Logo, Seattle se torna pequena demais para Frances que, após revelar-se promissora em peças teatrais locais e atrever-se numa viagem à Rússia, acaba obtendo um contrato de exclusividade com a Paramount Pictures, onde o filme “Meu Filho É Meu Rival” a converte em uma estrela –e, nesse processo, ao casar-se com o também ator Dick Steele (Christopher Pennock), Frances inicia uma sucessão de relacionamentos mal-fadados.

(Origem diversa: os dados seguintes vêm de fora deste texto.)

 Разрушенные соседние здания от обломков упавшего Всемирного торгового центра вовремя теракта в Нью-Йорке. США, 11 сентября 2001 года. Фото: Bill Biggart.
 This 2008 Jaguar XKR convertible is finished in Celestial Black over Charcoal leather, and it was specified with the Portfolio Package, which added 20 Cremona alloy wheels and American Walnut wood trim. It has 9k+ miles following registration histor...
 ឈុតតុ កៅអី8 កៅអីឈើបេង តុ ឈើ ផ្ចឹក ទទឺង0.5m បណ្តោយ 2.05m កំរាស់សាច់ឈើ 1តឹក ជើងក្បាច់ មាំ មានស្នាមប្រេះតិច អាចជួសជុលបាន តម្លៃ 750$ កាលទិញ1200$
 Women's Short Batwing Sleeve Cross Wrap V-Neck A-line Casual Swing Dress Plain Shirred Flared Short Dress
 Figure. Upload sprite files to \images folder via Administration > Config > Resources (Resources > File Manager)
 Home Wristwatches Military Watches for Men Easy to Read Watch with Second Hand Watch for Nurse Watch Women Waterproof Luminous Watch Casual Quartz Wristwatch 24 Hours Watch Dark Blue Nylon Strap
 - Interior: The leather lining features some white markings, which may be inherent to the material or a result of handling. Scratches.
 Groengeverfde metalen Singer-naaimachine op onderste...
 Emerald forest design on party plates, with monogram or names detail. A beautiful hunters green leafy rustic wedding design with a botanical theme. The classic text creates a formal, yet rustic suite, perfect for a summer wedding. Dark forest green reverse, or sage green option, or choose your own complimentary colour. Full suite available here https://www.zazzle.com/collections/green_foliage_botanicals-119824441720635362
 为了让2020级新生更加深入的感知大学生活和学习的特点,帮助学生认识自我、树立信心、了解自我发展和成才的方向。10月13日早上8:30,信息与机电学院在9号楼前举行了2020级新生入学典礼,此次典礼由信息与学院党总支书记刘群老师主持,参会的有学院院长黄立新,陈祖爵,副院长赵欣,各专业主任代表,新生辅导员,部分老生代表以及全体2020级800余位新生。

Farta do esquema hollywoodiano de produção –onde as atrizes não tinham qualquer interferência na qualidade do material, servindo de mero adereço às produções –Frances busca desafios profissionais mais estimulantes em Nova York, na Broadway, onde uma peça de cunho profundamente filosófico e artístico lhe desperta as atenções. Ela termina também na cama do autor do script, o dramaturgo Clifford Odets (Jeffrey DeMunn, de “Cidadão X”), só para ser descartada quando os homens não mais precisam dela: Quando a peça atinge inquestionável sucesso de público, em grande parte devido ao seu status de estrela cinematográfica, os produtores a substituem, durante os preparativos para a apresentação em Londres, por outra protagonista, e Clifford a rejeita com um grosseiro bilhete anunciando a chegada de sua esposa.

Relutante, Frances regressa para Hollywood, onde as coisas agora mudaram: Sua predileção pelo teatro, em detrimento às produções de cinema, fizeram desgostoso o todo-poderoso chefe da Paramount Pictures (Allan Rich, de “Quero Dizer Que Te Amo”) que, ao lado da crítica insidiosa Louella Parsons, coloca toda Los Angeles contra Frances. Exaurida pelo ambiente tóxico, Frances –que, até então, começa a demonstrar certo grau de alcoolismo devido à tumultuadas filmagens realizadas à contra-gosto no México –começa a ter seus primeiros surtos de ansiedade, o que a leva a ser internada numa clínica psiquiátrica pela mãe (Kim Stanley, de “Os Eleitos”, também com Shepard no elenco).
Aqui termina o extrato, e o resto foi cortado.